- [EXCERPTED DATA]
****

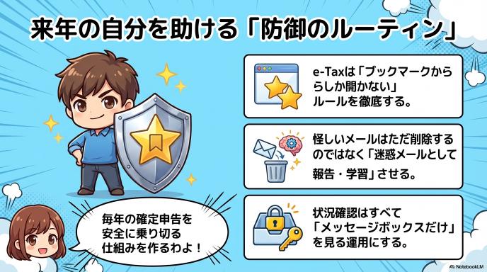 「メールのリンクは絶対に踏まない」というルールを自分の中で徹底しましょう。e-Taxの公式サイトや確定申告作成コーナーは、あらかじめブラウザにブックマークしておき、必ずそこからアクセスする癖をつけてください。
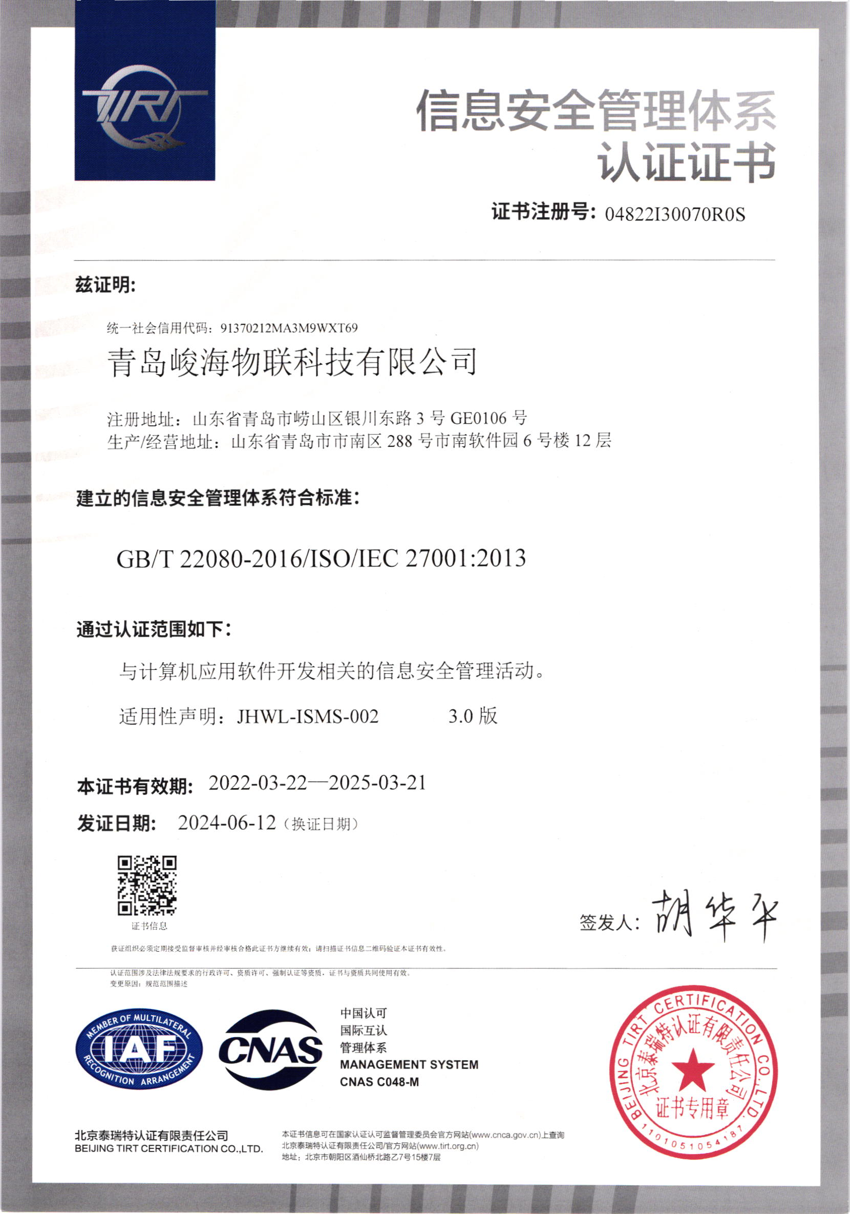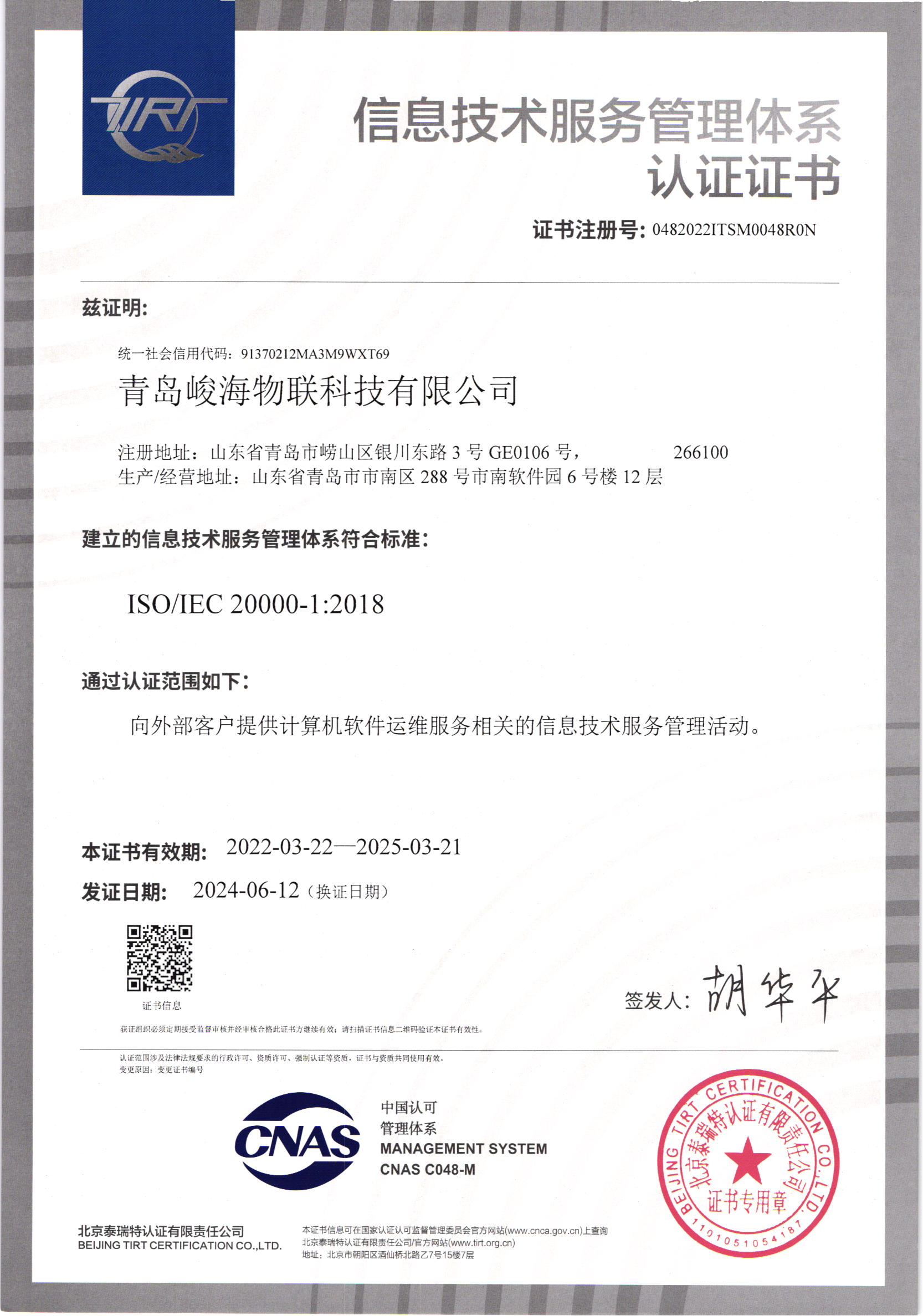 2022年3月,通過ISO27001信息安全管理體系、ISO20000信息技術服務管理體系。
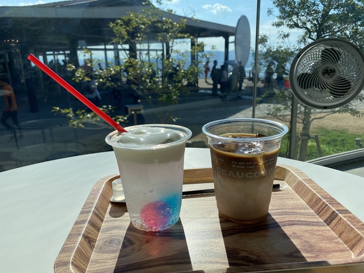 ちょっとしたカフェスペースもありサイダーとカフェラテを頂きました
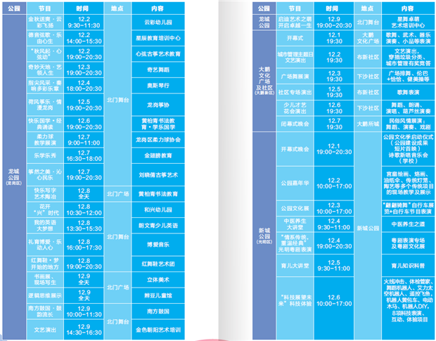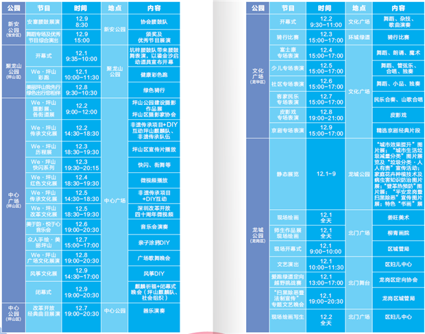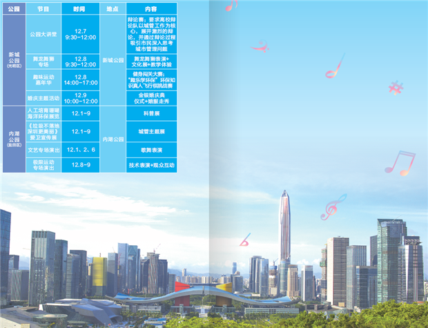2018深圳公園文化季將延續(xù)往屆經(jīng)典品牌節(jié)目,滿足不同受眾的多元需求,推出兒童音樂劇、世界極限運(yùn)動(dòng)表演、燃動(dòng)鵬城2018福田文創(chuàng)音樂周、全國航空模型公開賽、戲曲專場(chǎng)等活動(dòng)。同時(shí)結(jié)合各公園特點(diǎn),打造中心公園風(fēng)箏表演、翠竹公園首屆竹文化音樂會(huì)、皇崗公園非遺主題展、梅林公園社區(qū)展演、筆架山公園“深港穗”草地滾球賽等公園特色文化活動(dòng)。
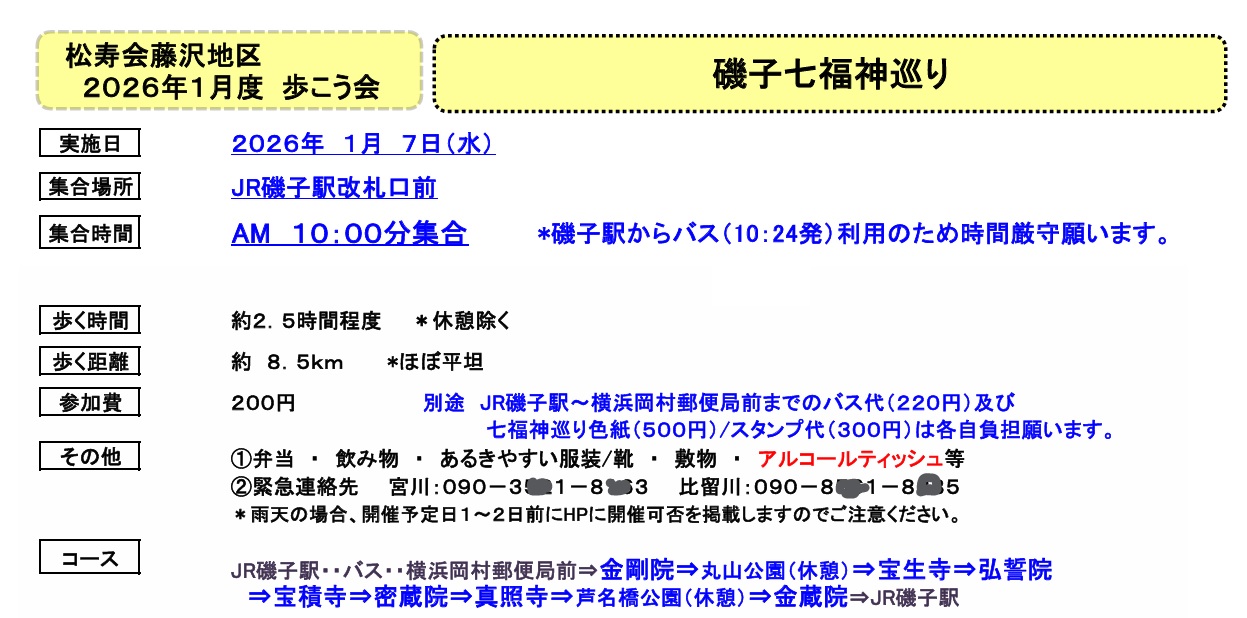 2026年 年明け1月度の歩こう会は、横浜市の”磯子七福神巡り”を企画しました。横浜市の磯子区と南区にある、7箇所すべてが高野山真言宗の寺院で構成されています。コースは約8.5kmとやや長めですが、ほぼ平坦のコースとなっています。1年の開運と健康保持を願い、多くの方のご参加をお待ちしております。参加ご希望の方は集合場所にお集まりください。

****

Take the material above and set it down exactly, minus the images.

 「メールのリンクは絶対に踏まない」というルールを自分の中で徹底しましょう。e-Taxの公式サイトや確定申告作成コーナーは、あらかじめブラウザにブックマークしておき、必ずそこからアクセスする癖をつけてください。
 2022年3月,通過ISO27001信息安全管理體系、ISO20000信息技術服務管理體系。
 ちょっとしたカフェスペースもありサイダーとカフェラテを頂きました
2018深圳公園文化季將延續(xù)往屆經(jīng)典品牌節(jié)目,滿足不同受眾的多元需求,推出兒童音樂劇、世界極限運(yùn)動(dòng)表演、燃動(dòng)鵬城2018福田文創(chuàng)音樂周、全國航空模型公開賽、戲曲專場(chǎng)等活動(dòng)。同時(shí)結(jié)合各公園特點(diǎn),打造中心公園風(fēng)箏表演、翠竹公園首屆竹文化音樂會(huì)、皇崗公園非遺主題展、梅林公園社區(qū)展演、筆架山公園“深港穗”草地滾球賽等公園特色文化活動(dòng)。
 2026年 年明け1月度の歩こう会は、横浜市の”磯子七福神巡り”を企画しました。横浜市の磯子区と南区にある、7箇所すべてが高野山真言宗の寺院で構成されています。コースは約8.5kmとやや長めですが、ほぼ平坦のコースとなっています。1年の開運と健康保持を願い、多くの方のご参加をお待ちしております。参加ご希望の方は集合場所にお集まりください。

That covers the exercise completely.